* [WHAT THE EXERCISE ASKS] Find, in the records below, the line that contains "Phylogenetic tree/diagram based" and the line that contains "L’intervento dello Studio". Copy those two lines and everything between them exactly, but not the pictures.

* [SUPPLIED MATERIAL]
■ ■ ■ ■

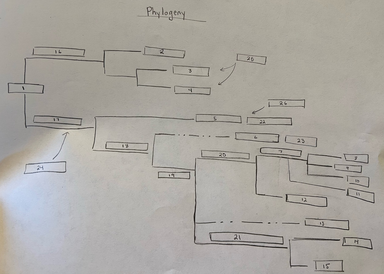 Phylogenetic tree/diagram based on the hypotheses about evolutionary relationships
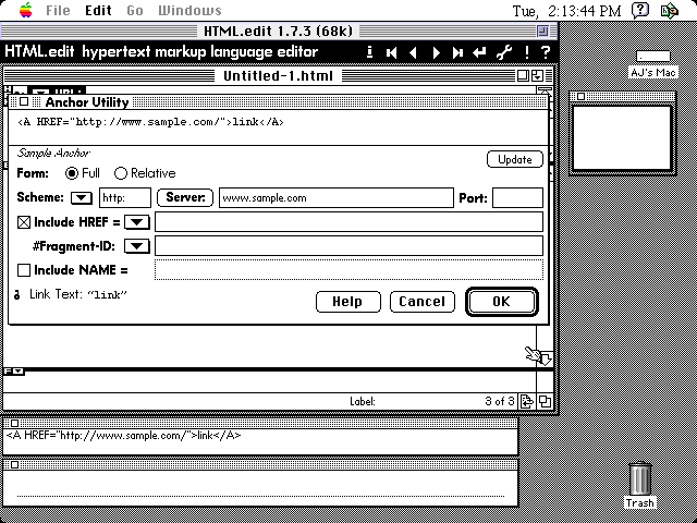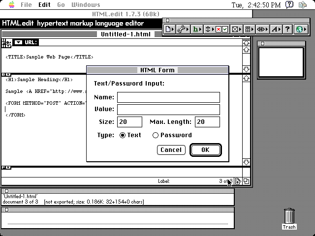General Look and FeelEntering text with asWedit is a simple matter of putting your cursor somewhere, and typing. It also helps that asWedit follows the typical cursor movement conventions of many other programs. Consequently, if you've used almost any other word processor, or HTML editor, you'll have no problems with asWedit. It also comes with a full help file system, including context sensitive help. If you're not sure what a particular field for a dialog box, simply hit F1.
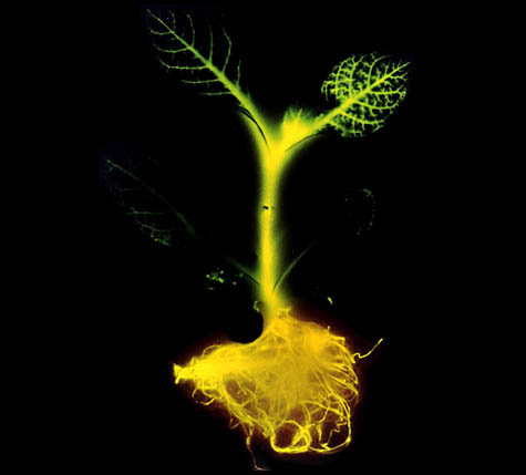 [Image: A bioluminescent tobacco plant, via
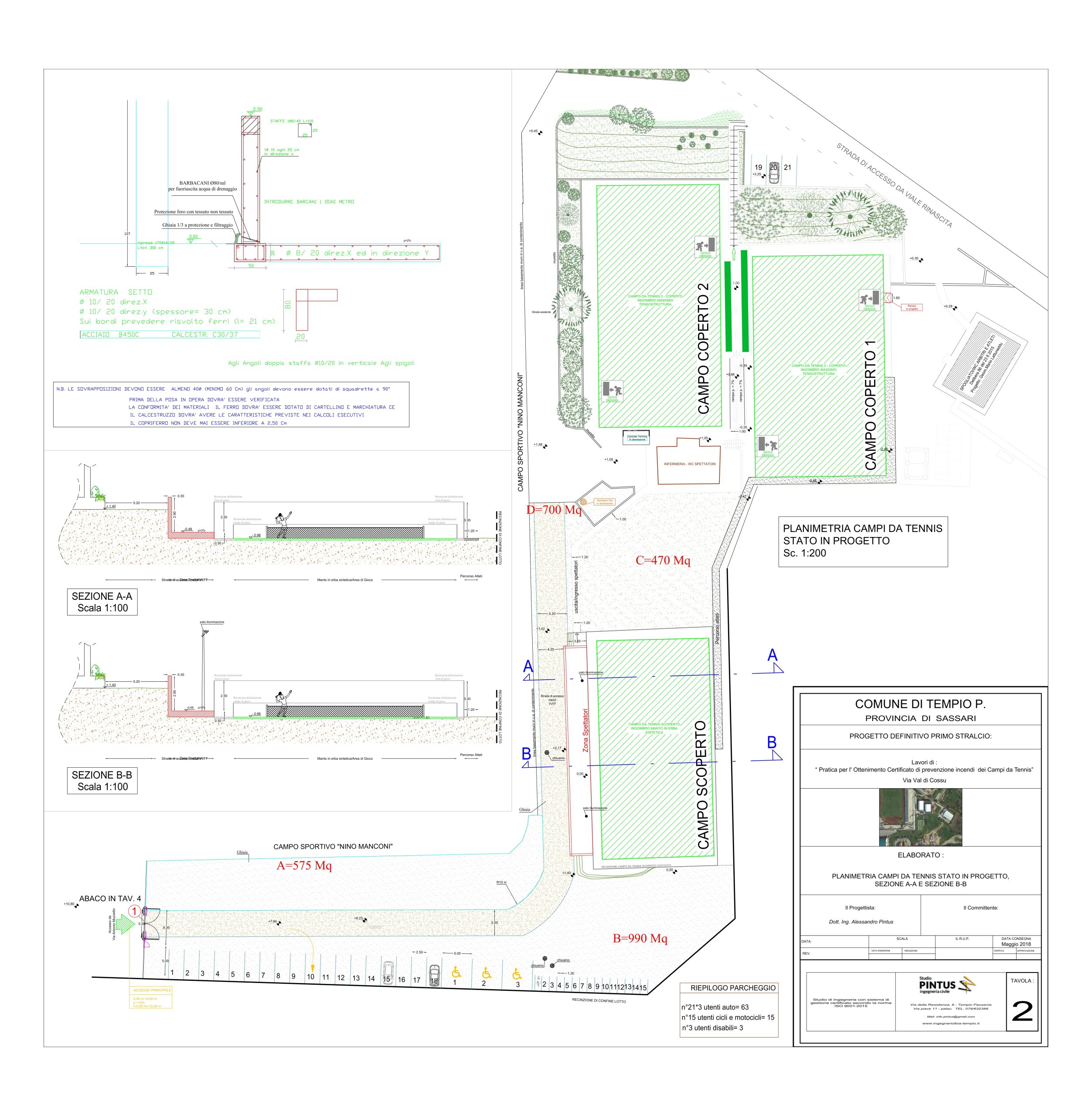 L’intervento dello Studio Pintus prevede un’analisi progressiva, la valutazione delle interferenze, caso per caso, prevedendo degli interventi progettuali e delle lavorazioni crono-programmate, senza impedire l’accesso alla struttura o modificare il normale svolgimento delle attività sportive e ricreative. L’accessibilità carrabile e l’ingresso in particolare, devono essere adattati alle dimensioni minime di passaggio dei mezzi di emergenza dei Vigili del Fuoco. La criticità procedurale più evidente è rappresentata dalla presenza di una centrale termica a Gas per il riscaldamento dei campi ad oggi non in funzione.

■ ■ ■ ■

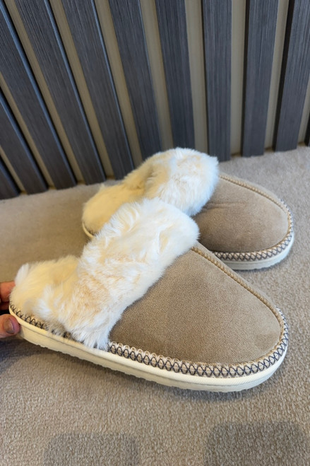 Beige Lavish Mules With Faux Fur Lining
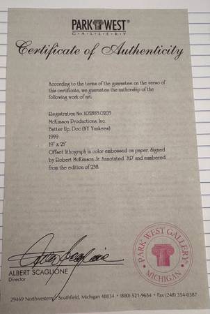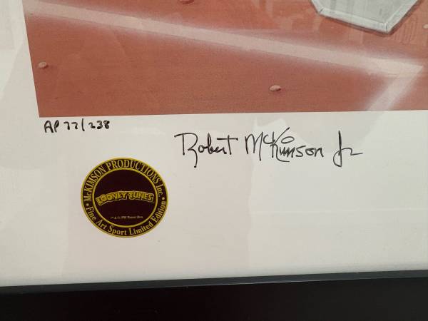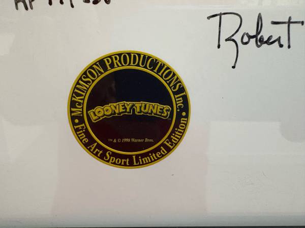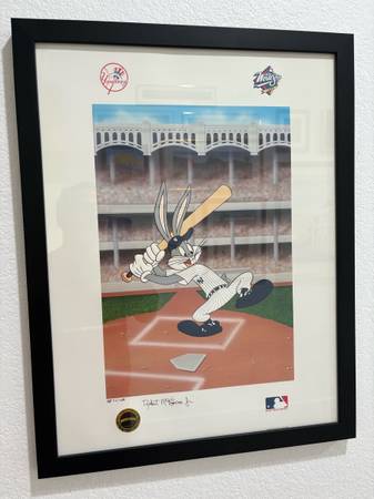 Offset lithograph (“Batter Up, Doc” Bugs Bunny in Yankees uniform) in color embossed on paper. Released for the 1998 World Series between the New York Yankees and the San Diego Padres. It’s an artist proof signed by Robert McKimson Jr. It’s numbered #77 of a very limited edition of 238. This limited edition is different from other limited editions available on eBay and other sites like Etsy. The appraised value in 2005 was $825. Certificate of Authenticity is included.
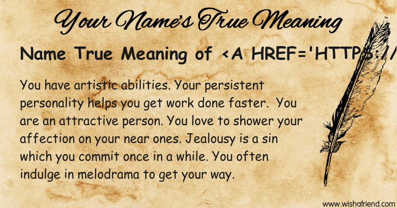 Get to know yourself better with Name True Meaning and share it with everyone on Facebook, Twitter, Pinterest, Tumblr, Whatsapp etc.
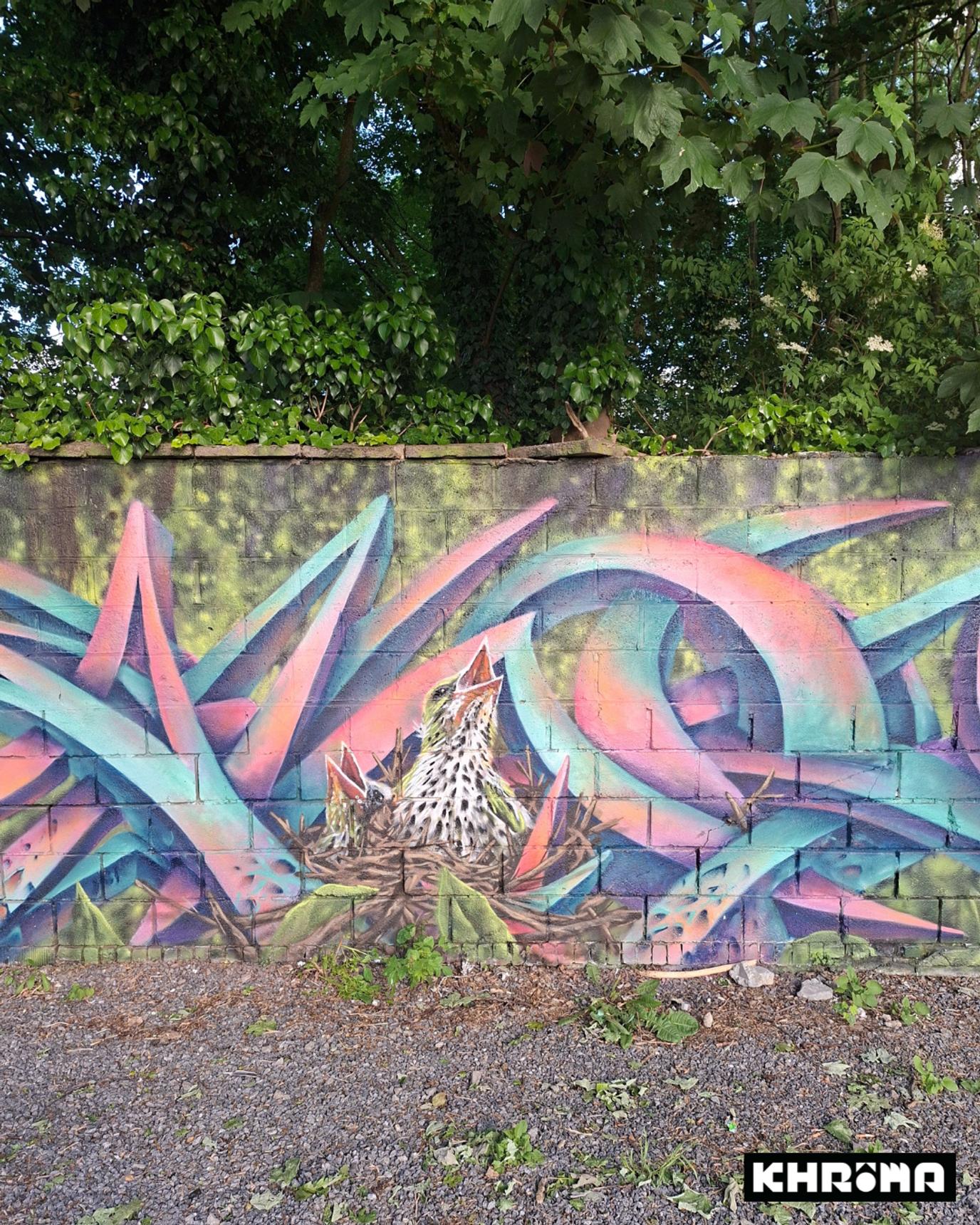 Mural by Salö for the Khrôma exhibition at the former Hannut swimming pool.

■ ■ ■ ■

* [OUTPUT FOR THIS EXERCISE]
 Phylogenetic tree/diagram based on the hypotheses about evolutionary relationships
General Look and FeelEntering text with asWedit is a simple matter of putting your cursor somewhere, and typing. It also helps that asWedit follows the typical cursor movement conventions of many other programs. Consequently, if you've used almost any other word processor, or HTML editor, you'll have no problems with asWedit. It also comes with a full help file system, including context sensitive help. If you're not sure what a particular field for a dialog box, simply hit F1.
 [Image: A bioluminescent tobacco plant, via
 L’intervento dello Studio Pintus prevede un’analisi progressiva, la valutazione delle interferenze, caso per caso, prevedendo degli interventi progettuali e delle lavorazioni crono-programmate, senza impedire l’accesso alla struttura o modificare il normale svolgimento delle attività sportive e ricreative. L’accessibilità carrabile e l’ingresso in particolare, devono essere adattati alle dimensioni minime di passaggio dei mezzi di emergenza dei Vigili del Fuoco. La criticità procedurale più evidente è rappresentata dalla presenza di una centrale termica a Gas per il riscaldamento dei campi ad oggi non in funzione.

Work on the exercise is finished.